(Data shown begins)

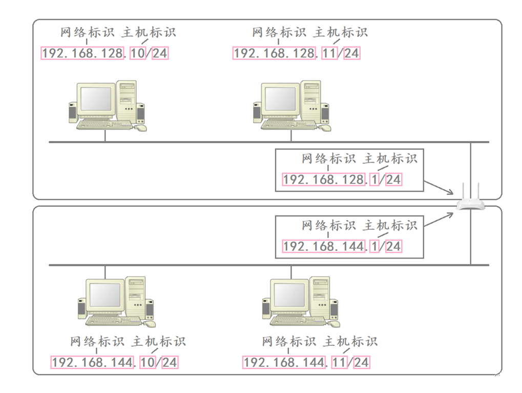 假设该子网当中有一台主机对应的IP地址是192.168.128.10,那么将这个IP地址与该网络对应的子网掩码进行"按位与"操作后得到的就是192.168.128.0,这就是这个子网对应的网络号。
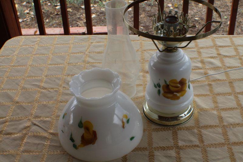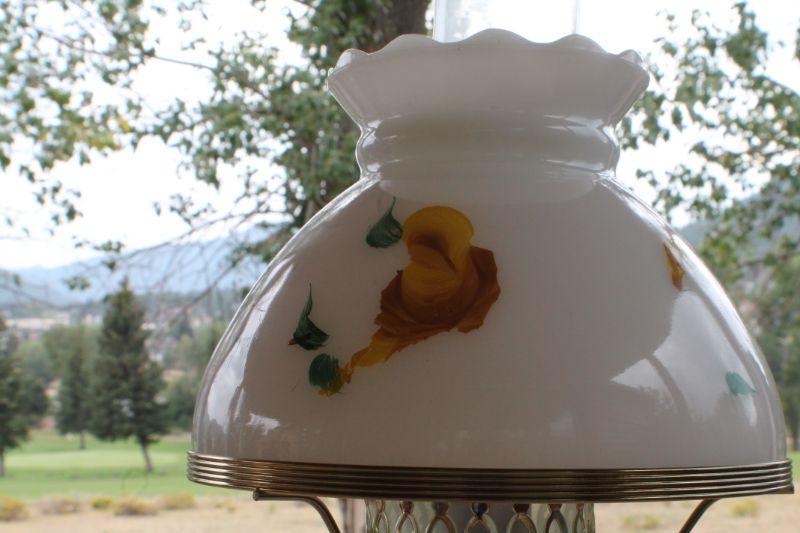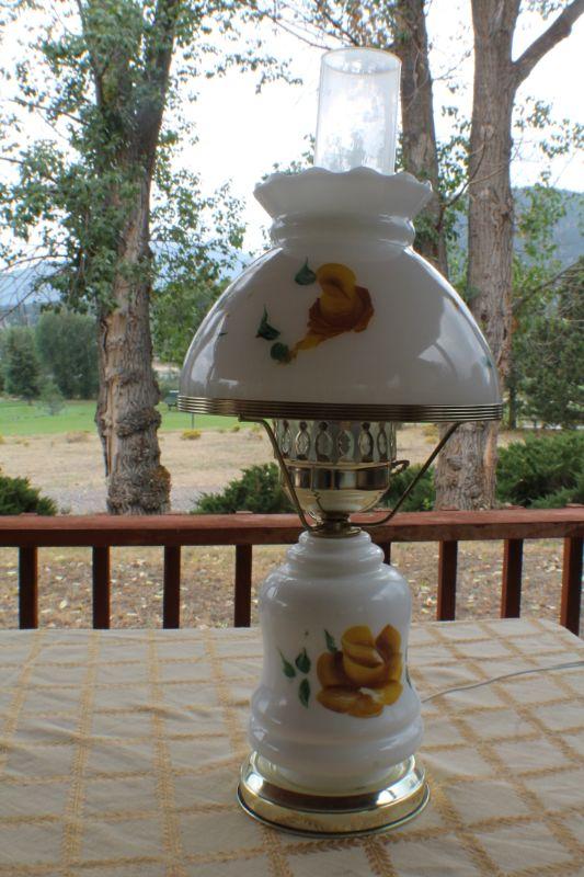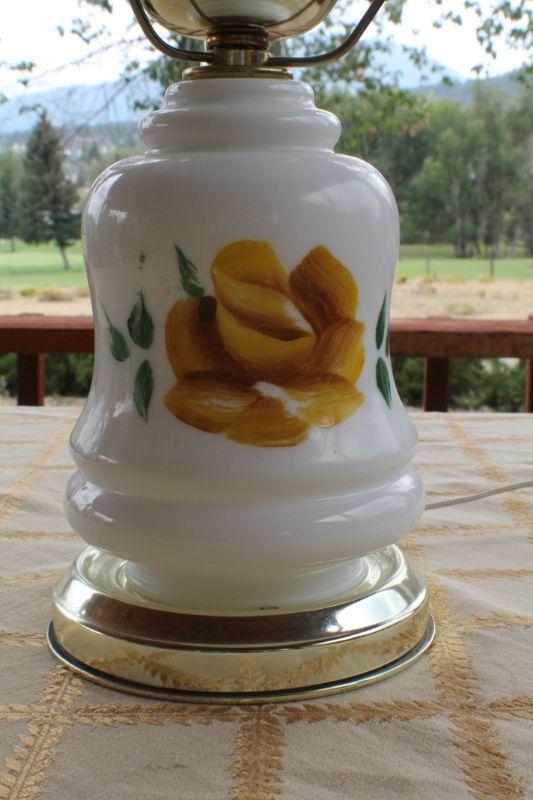 Lot #178: Vintage Tall Glass Shade Table Lamp Yellow Flower Theme #2
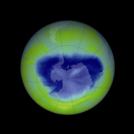 La zona más afectada por la destrucción de esta capa es la Antártida (la fotografía muestra la capa de ozono, en verde, y la zona destruida, en azul, en 2010). En este lugar de nuestro planeta cada primavera desaparece una gran cantidad del ozono existente, originándose el denominado agujero de ozono.
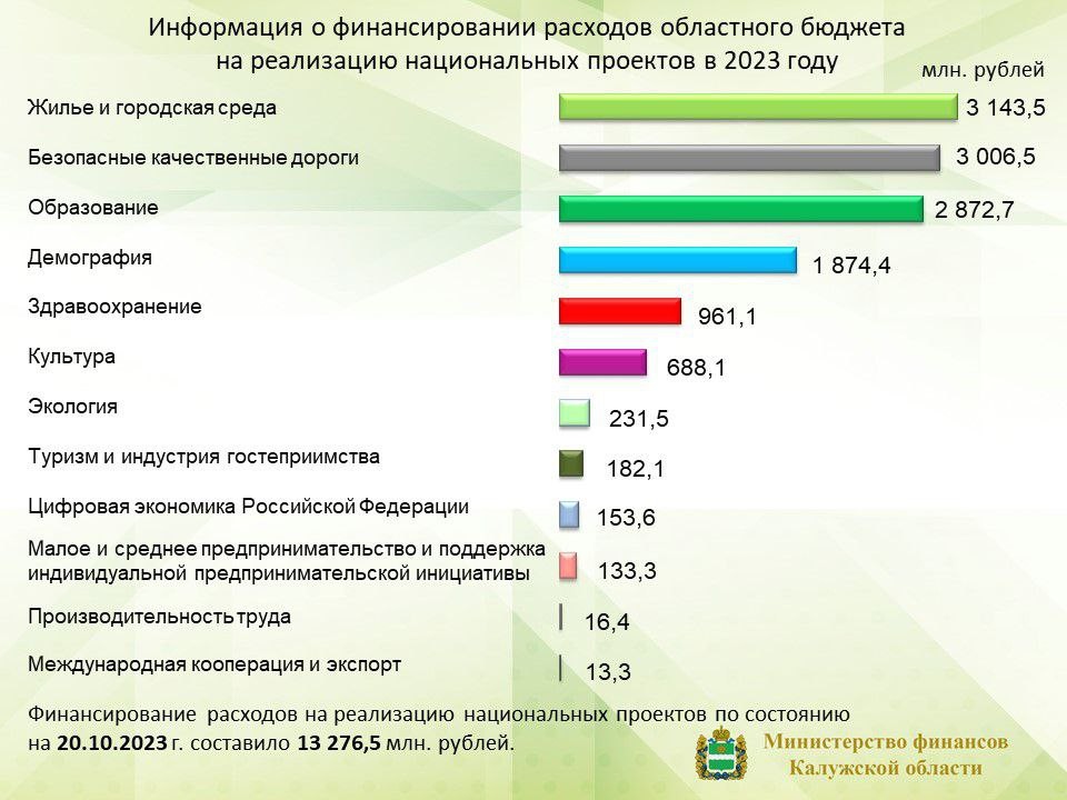 В Калужской области по состоянию на 25 октября на реализацию нацпроектов направили 13,276 миллиарда рублей.
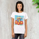 Um palhaço feliz engraçado entre flores amarelas com rostos. Esta design parece muito eficaz nesta Camiseta das Mulheres
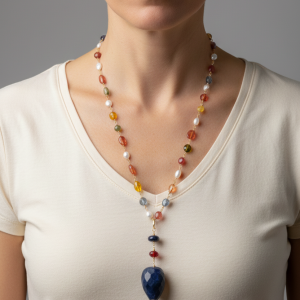 Multicolored Tourmaline Rosary Necklace with Lapis Pearl Pendant and Burgundy Silver
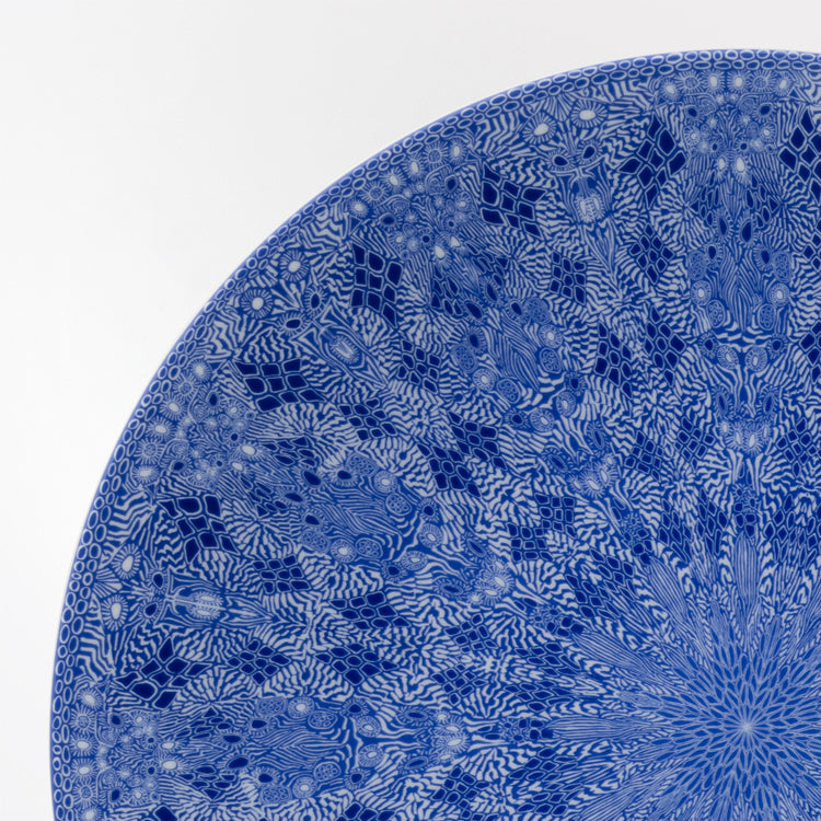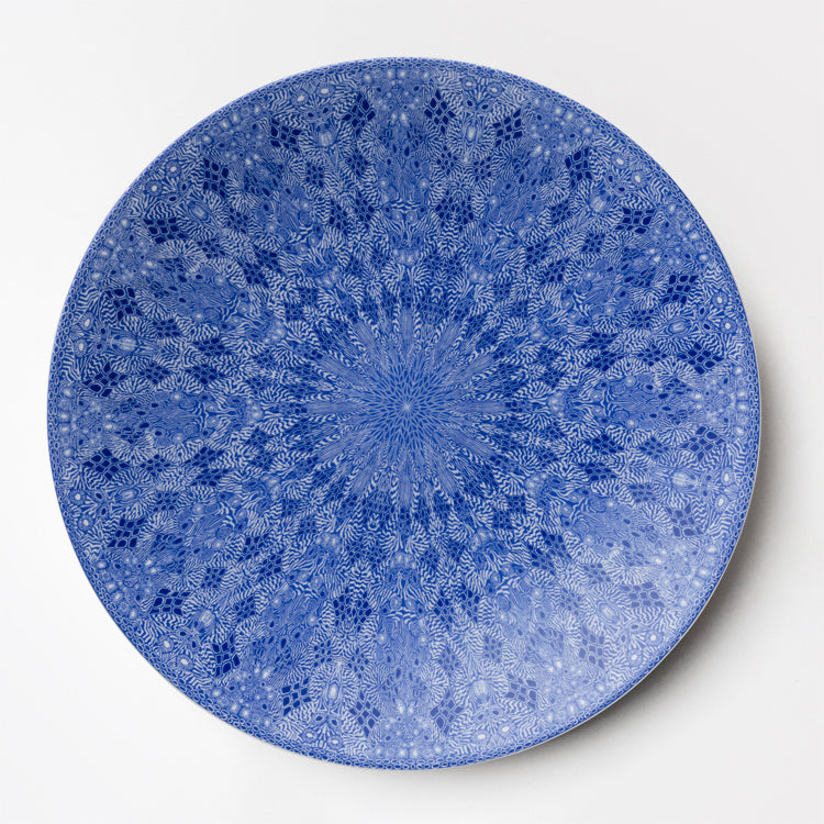 幾何学的図形の絵柄のショープレート(ブルー)です。ご家庭では盛り皿として、お使いいただけます。同アイテムで、グレーとピンクのカラーバリエーションがございます。
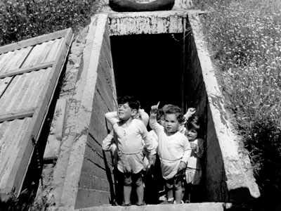 1939, UK — A family, each carrying their gas masks in a little box, enter an underground air raid shelter
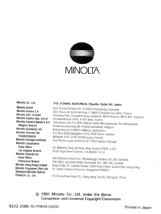 Minolta Dynax 3Xi Instruction Manual
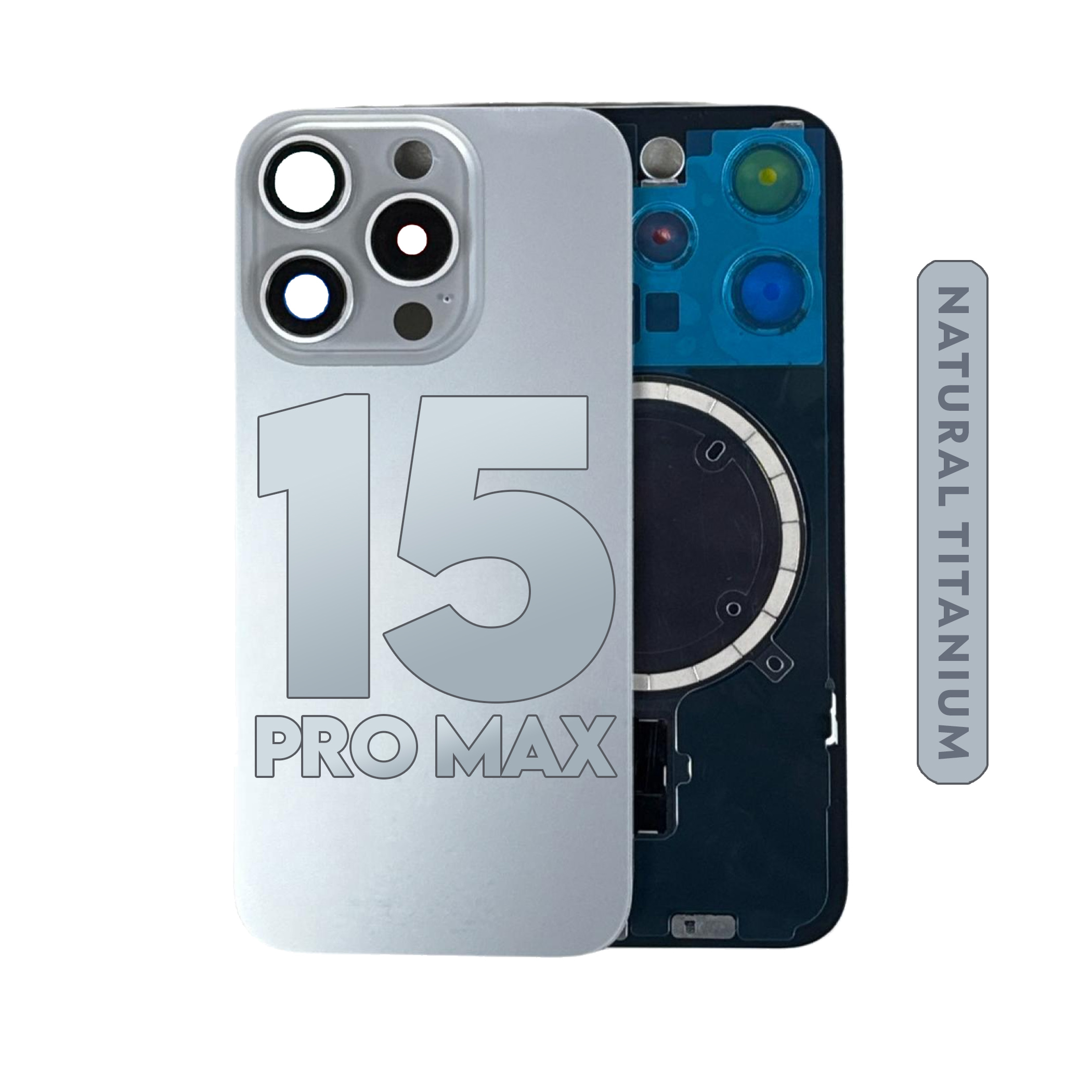 iPhone 15 Pro Max | Back Glass With Camera Lens and Magsafe Magnet (Natural Titanium) (No Logo)
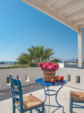 A surprise sunset terrace is located at the top of the house and enables you to enjoy a cocktail or two whilst experiencing magnificent sunset views of Paros and Ios. You can enjoy lazy breakfasts here watching the wind surfers and kite surfers glide across the sapphire blue Aegean sea.
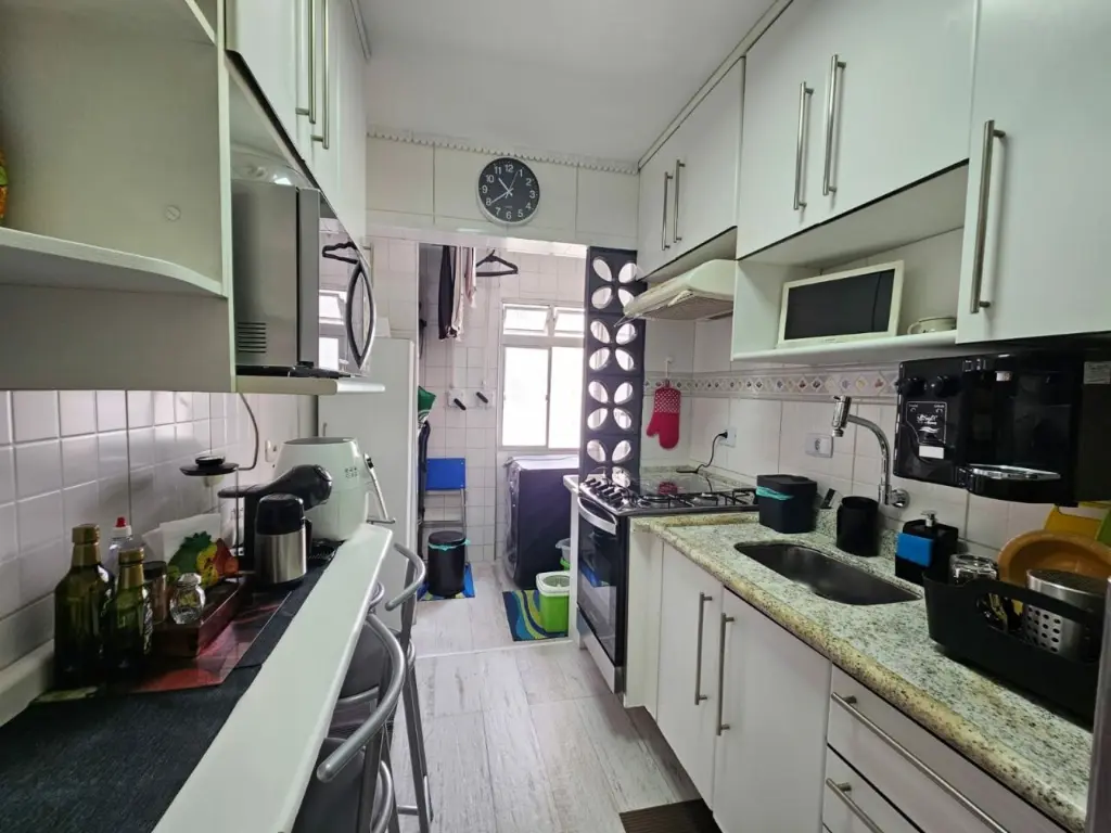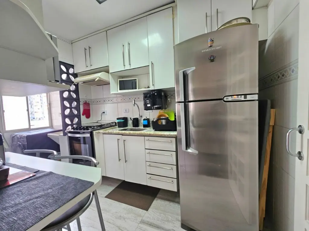 A distribuição interna oferece sala, cozinha e 1 banheiro. Dispõe de 1 vaga de garagem. O condomínio oferece portaria e vigilância 24 horas, salão de festas e solarium, além de área verde.

(Data shown ends)

Instructions for the task
Without the images, print all of the lines above exactly.

Response below
 假设该子网当中有一台主机对应的IP地址是192.168.128.10,那么将这个IP地址与该网络对应的子网掩码进行"按位与"操作后得到的就是192.168.128.0,这就是这个子网对应的网络号。
 Lot #178: Vintage Tall Glass Shade Table Lamp Yellow Flower Theme #2
 La zona más afectada por la destrucción de esta capa es la Antártida (la fotografía muestra la capa de ozono, en verde, y la zona destruida, en azul, en 2010). En este lugar de nuestro planeta cada primavera desaparece una gran cantidad del ozono existente, originándose el denominado agujero de ozono.
 В Калужской области по состоянию на 25 октября на реализацию нацпроектов направили 13,276 миллиарда рублей.
 Um palhaço feliz engraçado entre flores amarelas com rostos. Esta design parece muito eficaz nesta Camiseta das Mulheres
 Multicolored Tourmaline Rosary Necklace with Lapis Pearl Pendant and Burgundy Silver
 幾何学的図形の絵柄のショープレート(ブルー)です。ご家庭では盛り皿として、お使いいただけます。同アイテムで、グレーとピンクのカラーバリエーションがございます。
 1939, UK — A family, each carrying their gas masks in a little box, enter an underground air raid shelter
 Minolta Dynax 3Xi Instruction Manual
 iPhone 15 Pro Max | Back Glass With Camera Lens and Magsafe Magnet (Natural Titanium) (No Logo)
 A surprise sunset terrace is located at the top of the house and enables you to enjoy a cocktail or two whilst experiencing magnificent sunset views of Paros and Ios. You can enjoy lazy breakfasts here watching the wind surfers and kite surfers glide across the sapphire blue Aegean sea.
 A distribuição interna oferece sala, cozinha e 1 banheiro. Dispõe de 1 vaga de garagem. O condomínio oferece portaria e vigilância 24 horas, salão de festas e solarium, além de área verde.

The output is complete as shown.